Secondly, a new bill is required every time a shipment moves from one vehicle to another. In the express industry, which is dominated by real time decisions and cost optimisation, pronouncing the exact path and mapping the same to specific vehicle numbers will be a formidable operational challenge.
All consignments of value less than Rs 50,000 are exempted from an invoice at the time of shipment. However, the express delivery service provider still needs to submit details related to the particular shipment on the common portal, before the shipment is moved. This creates an additional liability for the delivery provider, since the value is declared by the customer – the delivery provider is merely an agent to move goods from one location to another. It would be unfair to hold the delivery provider responsible for goods if the value is not the same as that declared by the sender.
It is imperative for us to appreciate the distinct way that India’s EDS model operates. Considering that its services are extremely sensitive to time and accuracy, any lag in the delivery process on account of compliance would be insensitive to the industry as a whole. It is important to take cognisance of the role that the air express industry has played in facilitating India’s trade competitveness.
Validity of e-way bill
As per the CBEC guidelines, e-way bills come with an expiry date. The validity period of a bill is dependent on the distance the goods have to be transported.
|Less than 100 km||One day|
|100 km < Distance < 300 km||Three days|
|300 km < Distance < 500 km||Five days|
|500 km < Distance < 1,000 km||Ten days|
|More than 1,000 km||Fifteen days|
Once an e-way bill expires, its validity can be extended by notifying the commissioner.
However, the very fact of assigning an expiry date to an e-way bill is incomprehensible for two reasons. One, the industry itself is based on tenets of time-bound delivery. Thus, prescribing a time limit for this business is absurd. Two, we all would agree that on multiple occasions, it is possible that these timelines are breached. Straightforward situations like a fallen tree on the road, metro rail repair, or even a VIP visit in a city can lead to unknowable delays. Inter-city delays in India are anyways commonplace and doomed.
So, what can be done?
If and only if the consignment needs to be tracked based on the vehicle number, it should be done only from the first point of collection, up to the last collection node.
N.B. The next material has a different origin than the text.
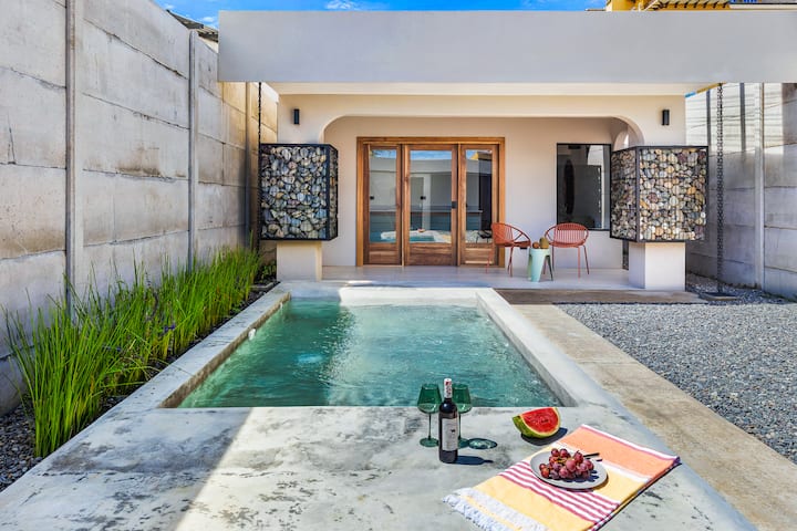 Ცალკე სახლი საცურაო აუზის საფეხურებით პლაჟიდან.
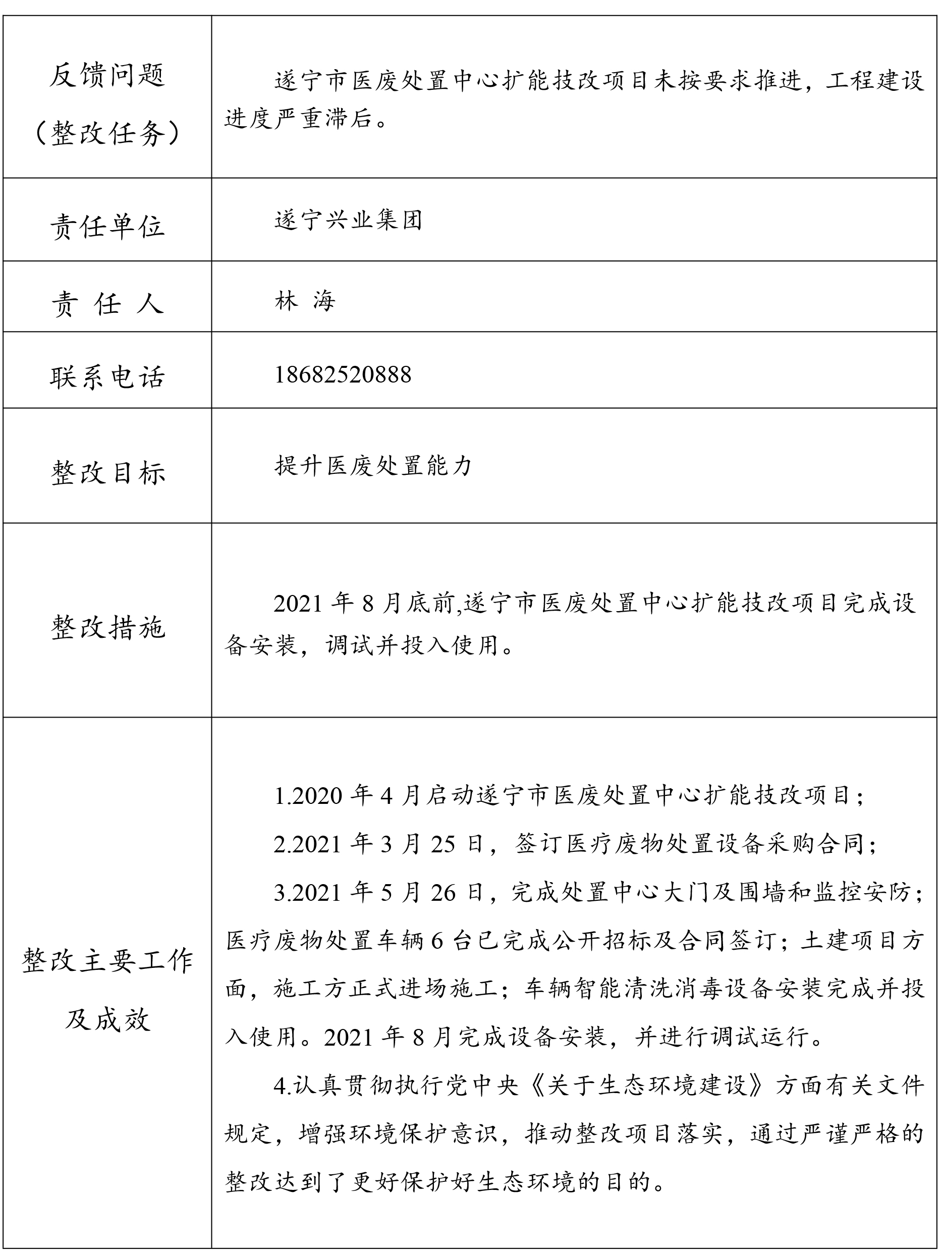 生態(tài)環(huán)境保護督察反饋意見整改任務完成情況公示表

Not only is the vehicle number not applicable in multiple instances of first/last mile delivery of individual shipments (delivery on foot/public transport), it will also impact business spontaneity, discourage exception handling (medicines etc.) and reduce resource optimisation.
Shipments where the declared value is less than Rs 50,000 should be excluded from consolidated e-way bill that the delivery provider is mandated to submit.
The ‘Way Bill’, a state-specific bill that was expected to die a natural death along with VAT, has transcended in its new avatar, the e-way bill.
Considering the modalities of e-way bill are expected to be discussed by the GST council on August 5, 2017, one can only hope the overarching objective of GST, that is the simplification of processes and enabling ease of doing business, will be continue to be the order of the day.
Gunja Kapoor is an associate fellow at the Pahle India Foundation.